Gostar ou desgostar de “Vingança”, filme de estreia da francesa Coralie Fargeat, depende imensamente de como o espectador vai absorver um importante fato situado no fim do primeiro ato. Ali, o que era um filme com os pés pregados na realidade passa a ser uma obra mais surrealista, fantasiosa. “Vingança” desprende-se do realismo, mas não por preguiça ou incoerência do roteiro, e sim por uma opção de Fargeat, que transforma a sequência em uma sátira do cinema de ação, ao mesmo tempo em que é, dentro da narrativa, um ritual de transformação e renascimento.
A cena em questão traz a protagonista, Jen (Matilda Lutz), em uma situação extrema, na qual qualquer pessoa, na vida real, teria morrido. Para se apreciar “Vingança”, então, há de se abstrair da realidade e compreender a função da bizarrice que permeia o momento. A partir daquele ponto, o longa deve ser encarado como um devaneio fantástico: “o que teria acontecido caso Jen tivesse sobrevivido?”. A trama acompanha a vingança da protagonista, jovem assassinada por seu namorado e amigos, que a mataram para acobertar um crime. Após “renascer”, Jen parte em busca do grupo de homens para exterminá-los.
Porém, quando explora essa abstração da realidade, “Vingança” se mostra um filme esteticamente pouco inventivo. Mesmo, que a partir do momento em que Jen é assassinada, tudo seja hiper-fantasioso, não há um deslocamento estético que mude a forma do filme. Não há uma criação de caricatura ou trabalho baseado em estereótipos para fazer da perseguição e vingança da protagonista um longa distinto do que era antes da morte de Jen. Esse, talvez, seja o aspecto mais propenso a incomodar o público, dificultando que o espectador compre a ideia de Fargeat.
Por outro lado, alguns elementos de “Vingança” ainda podem ser analisados como sátiras. A “quase-morte” de Jen, por exemplo, que é resolvida com uma cauterização bem fantasiosa, muito lembra saídas de roteiro vistas em filmes como “Rambo”, quando o herói vivido por Sylvester Stallone cura um ferimento de tiro com ferro quente. Analisando por esse escopo, é interessante pensarmos que “Vingança”, no fim das contas, provoca uma reflexão sobre como público e crítica percebem uma mesma situação quando retratada com homens e mulheres – grande parte das pessoas que critica a “mentirada” presente em “Vingança”, muito provavelmente não se incomoda com a cicatrização mágica de John Rambo.

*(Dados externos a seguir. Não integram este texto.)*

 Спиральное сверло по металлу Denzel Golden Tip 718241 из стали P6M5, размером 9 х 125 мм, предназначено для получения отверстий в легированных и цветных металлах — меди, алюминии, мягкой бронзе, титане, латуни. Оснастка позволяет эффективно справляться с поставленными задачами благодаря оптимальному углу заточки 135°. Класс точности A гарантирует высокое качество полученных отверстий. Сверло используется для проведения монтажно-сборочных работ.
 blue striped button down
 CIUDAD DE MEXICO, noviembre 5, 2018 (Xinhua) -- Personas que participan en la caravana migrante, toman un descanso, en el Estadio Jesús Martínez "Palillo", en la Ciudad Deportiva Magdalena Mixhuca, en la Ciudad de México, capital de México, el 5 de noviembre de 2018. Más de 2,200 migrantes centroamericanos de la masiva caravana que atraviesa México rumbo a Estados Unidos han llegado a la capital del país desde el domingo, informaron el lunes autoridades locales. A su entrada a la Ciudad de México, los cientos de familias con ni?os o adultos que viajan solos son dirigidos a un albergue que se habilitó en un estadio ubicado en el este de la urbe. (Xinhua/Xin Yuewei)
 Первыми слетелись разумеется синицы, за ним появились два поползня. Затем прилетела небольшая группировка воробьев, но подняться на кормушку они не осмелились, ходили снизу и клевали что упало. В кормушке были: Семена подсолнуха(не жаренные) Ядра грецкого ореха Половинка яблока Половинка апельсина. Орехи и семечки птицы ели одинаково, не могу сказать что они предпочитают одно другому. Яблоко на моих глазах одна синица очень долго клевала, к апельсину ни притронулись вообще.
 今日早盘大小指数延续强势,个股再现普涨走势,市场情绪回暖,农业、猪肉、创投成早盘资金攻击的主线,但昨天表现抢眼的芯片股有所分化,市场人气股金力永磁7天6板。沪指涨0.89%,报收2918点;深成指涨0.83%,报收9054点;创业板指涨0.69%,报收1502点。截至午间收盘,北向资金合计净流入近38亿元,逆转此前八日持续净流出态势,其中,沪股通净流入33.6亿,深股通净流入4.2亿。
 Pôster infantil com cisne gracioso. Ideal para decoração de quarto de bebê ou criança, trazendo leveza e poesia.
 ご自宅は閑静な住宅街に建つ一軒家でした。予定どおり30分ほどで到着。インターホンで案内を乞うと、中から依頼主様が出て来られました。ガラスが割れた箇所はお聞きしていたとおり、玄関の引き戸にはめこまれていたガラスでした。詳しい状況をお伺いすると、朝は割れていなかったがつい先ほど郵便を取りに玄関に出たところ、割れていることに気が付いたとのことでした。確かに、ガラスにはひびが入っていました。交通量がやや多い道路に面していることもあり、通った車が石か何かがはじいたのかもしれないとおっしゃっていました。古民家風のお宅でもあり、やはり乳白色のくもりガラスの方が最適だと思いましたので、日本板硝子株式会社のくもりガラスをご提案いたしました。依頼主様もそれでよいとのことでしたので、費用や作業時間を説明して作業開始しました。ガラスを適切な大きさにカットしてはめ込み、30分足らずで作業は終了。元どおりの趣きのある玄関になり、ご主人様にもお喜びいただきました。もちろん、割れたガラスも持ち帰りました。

Também é interessante como a obra de Fargeat trabalha a inversão de situações. O primeiro encontro da protagonista com dois dos responsáveis por sua morte, por exemplo, traz a personagem dentro de uma casa, sendo encarada por eles, que estão do lado de fora, através de um vidro. Ali, pelo fato de os homens terem armas na mão e a olharem com uma expressão objetificadora, há uma clara fragilização da moça, que parece – e está – vulnerável. Já mais adiante, quando Jen está em busca de sua vingança, quem está armada e encarando alguém do lado de fora da casa, olhando através do mesmo vidro, é a protagonista, que encurrala seus algozes.
“Vingança” é um filme que ainda carrega uma agradável dose de simbolismos. O confronto final entre Jen e um dos homens, por exemplo, traz o vilão em situação totalmente oposta do que vemos no início da projeção. Já sem a necessidade de fingir ser boa pessoa para agradar a moça, o sujeito não só age de forma bruta – diferente da falsa gentileza que exibia nos minutos iniciais -, mas também está nu durante toda a cena. Sua nudez, claro, representa a ausência das máscaras sociais. Ali, sem a necessidade de fingir ser o que não é, o homem é uma figura cruel, egoísta e, sem a vantagem de outrora, vulnerável.
Mesmo que dependa demasiadamente da suspensão de descrença de seu público para funcionar, a obra de Coralie Fargeat é bem-sucedida principalmente por seu simbolismo social, que transforma o machismo e a cultura do estupro em recursos para cimentar uma narrativa de vingança digna de um grande filme de ação. Um bom começo para uma promissora cineasta e entretenimento de primeira para aqueles que conseguirem suspender seu ceticismo.